From: gcc-patches-ow...@gcc.gnu.org <gcc-patches-ow...@gcc.gnu.org> on behalf
of Tamar Christina <tamar.christ...@arm.com>
Sent: Friday, September 30, 2016 2:22:35 PM
To: GCC Patches
Cc: nd; Richard Earnshaw; Wilco Dijkstra; ja...@redhat.com; Joseph Myers;
Michael Meissner; rguent...@suse.de; Moritz Klammler; Andrew Pinski;
Subject: [PATCHv2][GCC] Optimise the fpclassify builtin to perform integer
operations when possible
This is v2 of the patch which adds an optimized route to the fpclassify builtin
for floating point numbers which are similar to IEEE-754 in format.
I have addressed most comments from everyone except for two things:
1) Providing a back-end hook to override the functionality. While certainly
possible the current fpclassify doesn't provide this either. So I'd like to
treat it as an enhancement rather than an issue.
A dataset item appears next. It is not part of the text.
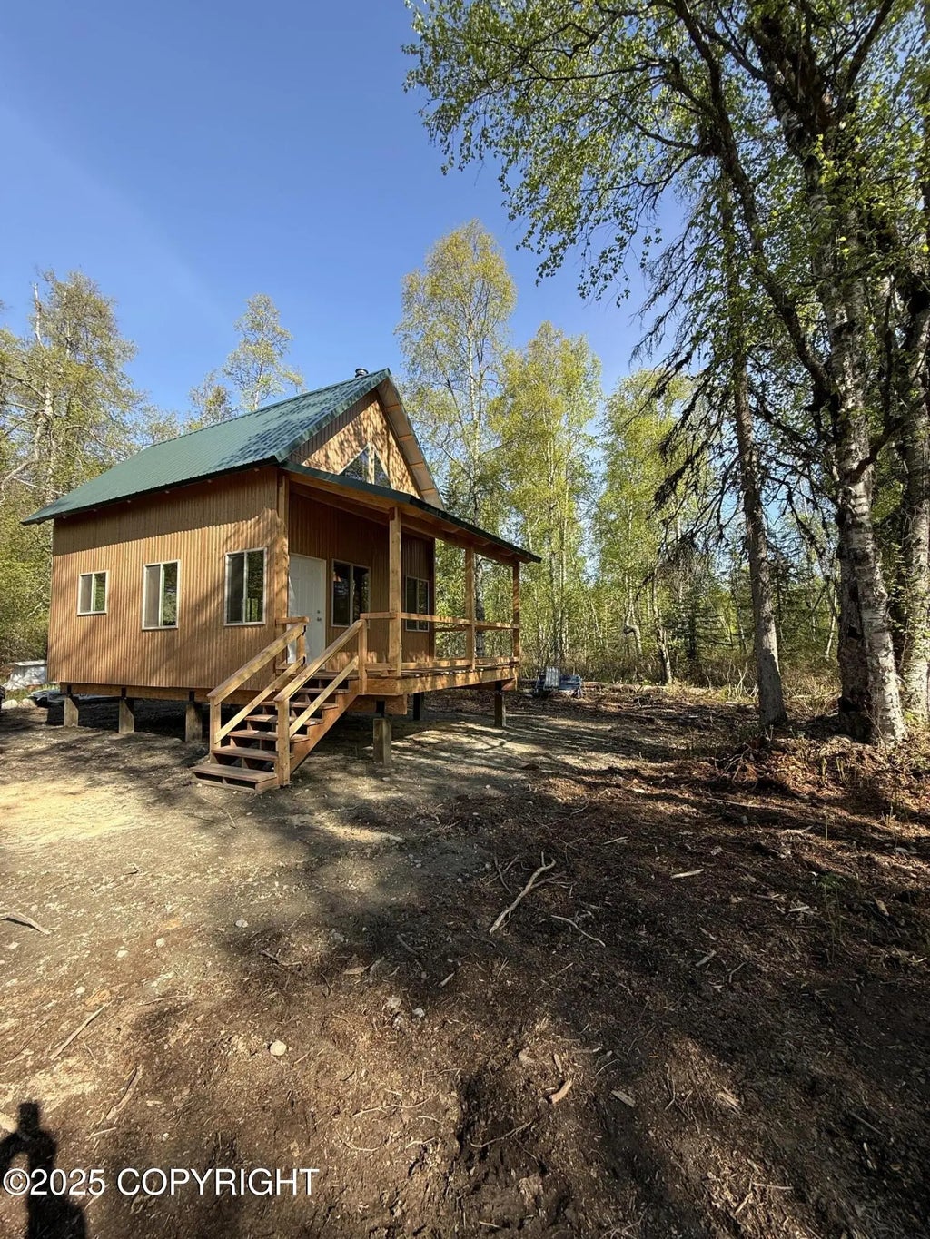 Are you looking for a remote property to start a homestead or just a weekend getaway? Look at this beautiful brand new cabin complete with metal siding, metal roof, loft, woodstove and outhouse all on 5 peaceful acres!! Trail provides year-round access for snow machines and ATVs. Make this your cozy winter getaway or your hunting cabin. Or just spend some time off grid! 16x24 cabin with 3/4 loft and 8x16 covered porch. 640 sq ft built on 8x8 treated pilings buried well below frost line to solid gravel. Custom made adjustable foundation brackets to compensate for severe freezing and thawing. 2x12 floor joist 16" on center with R-38 insulation. 2 layers of rigid foam in post frame walls and roof providing excellent R value and structure. Exterior covered in maintenance free metal siding impervious to harsh weather and animals. Fully wired with LED lighting and generator solar and inverter compatible. Interior is open floor plan with generous space and tongue and groove pine on walls and ceiling. 100% water proof vinyl flooring also maintenance free. Metal roofing on 12/12 pitch so will never need shoveling. All new construction never occupied sitting on 5 acres. All corners and lot lines are marked and flagged. Easy1.5 mile year road access by trail for atv or snowmachine.

2) Doing it in a lowering phase. If the general consensus is that this is the
path the patch must take then I'd be happy to reconsider. However at this
this patch does not seem to produce worse code than what there was before.
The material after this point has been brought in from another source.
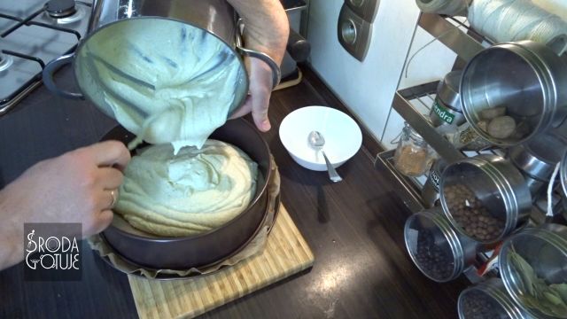 7. Na okrągłą tortownicę (18-20 cm średnicy), lub średnią blachę do pieczenia wyłożoną na spodzie papierem do pieczenia, wylewamy masę serową (która już teraz jest pyszna!)

The goal is to make it faster by:
1. Trying to determine the most common case first
(e.g. the float is a Normal number) and then the
rest. The amount of code generated at -O2 are
about the same +/- 1 instruction, but the code
is much better.
2. Using integer operation in the optimized path.
At a high level, the optimized path uses integer operations
to perform the following:
if (exponent bits aren't all set or unset)
else if (no bits are set on the number after masking out
sign bits then)
else if (exponent has no bits set)
else if (mantissa has no bits set)
In case the optimization can't be applied the old
implementation is used as a fall-back.
A limitation with this new approach is that the exponent
of the floating point has to fit in 31 bits and the floating
point has to have an IEEE like format and values for NaN and INF
(e.g. for NaN and INF all bits of the exp must be set).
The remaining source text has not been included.